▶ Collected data
━━━━━━━━━━━━━━━━━━━━
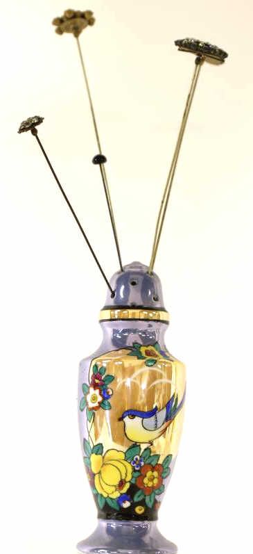 Antique Noritake sugar shaker used as hat pin holder with 5 antique hat pins.
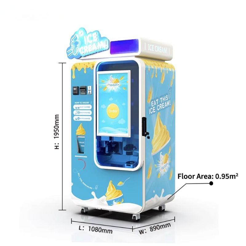 Customized Soft Serve Ice Cream Vending Machine Multi-Flavor Coin Change Return NFC QR Payment SDK Ready
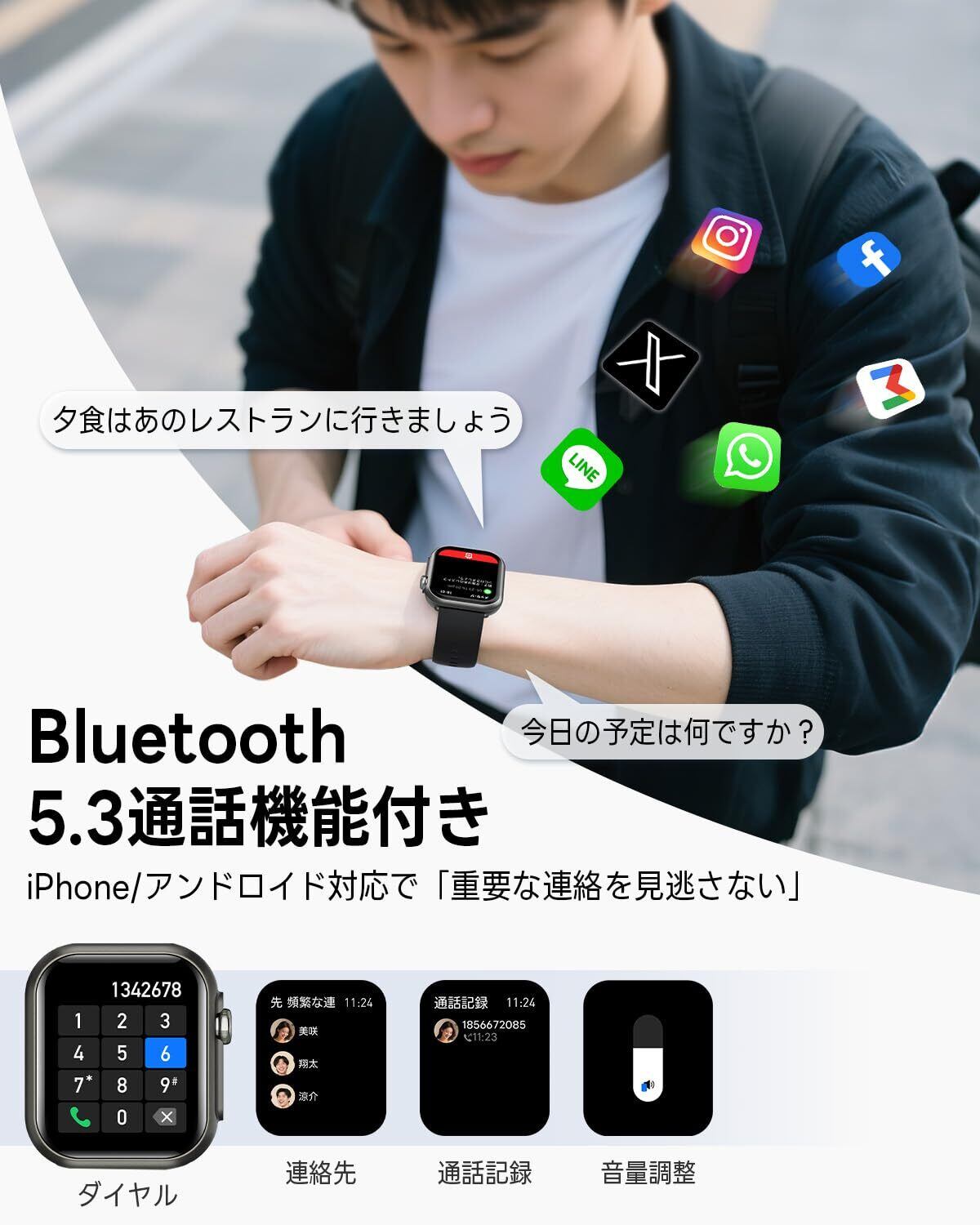 【最新Bluetooth5.3通話機能&メッセージ通知対応】本スマートウォッチは最先端のBluetooth5.3技術を採用し、接続の安定性と通話の音質が大幅に向上しました。スマートウォッチに連絡先を保存したり、発信・受信、過去10件の通話履歴確認、通話中の音量調整も可能です。内蔵のスピーカーとマイクにより、屋外でも快適に通話できます。さらに、「FitCloudPro」アプリと連携することで、LINE、Twitter、Instagram、Facebookなどのアプリ通知をリアルタイムで受信でき、運転中や家事中でも大切なメッセージや電話を見逃しません。日常やビジネスシーンでも高い利便性を発揮します。
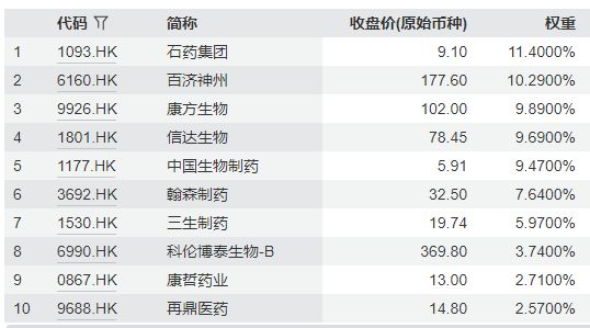 恒生沪深港创新药精选指数主要权重股
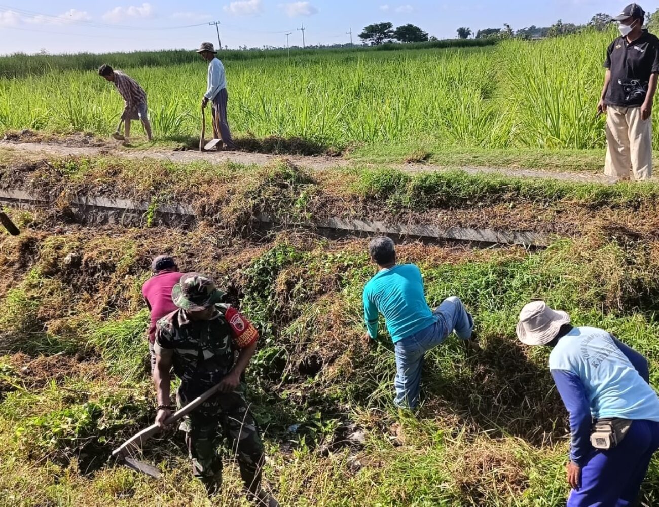 Babinsa Darungan Bersama Pemdes, Giatkan Kerja Bakti Rehabilitasi Sungai Sempu
━━━━━━━━━━━━━━━━━━━━
Leave the pictures out and restate exactly the lines from the one that has "Customized Soft Serve" through the final line of the entries above, both ends included.

 Customized Soft Serve Ice Cream Vending Machine Multi-Flavor Coin Change Return NFC QR Payment SDK Ready
 【最新Bluetooth5.3通話機能&メッセージ通知対応】本スマートウォッチは最先端のBluetooth5.3技術を採用し、接続の安定性と通話の音質が大幅に向上しました。スマートウォッチに連絡先を保存したり、発信・受信、過去10件の通話履歴確認、通話中の音量調整も可能です。内蔵のスピーカーとマイクにより、屋外でも快適に通話できます。さらに、「FitCloudPro」アプリと連携することで、LINE、Twitter、Instagram、Facebookなどのアプリ通知をリアルタイムで受信でき、運転中や家事中でも大切なメッセージや電話を見逃しません。日常やビジネスシーンでも高い利便性を発揮します。
 恒生沪深港创新药精选指数主要权重股
 Babinsa Darungan Bersama Pemdes, Giatkan Kerja Bakti Rehabilitasi Sungai Sempu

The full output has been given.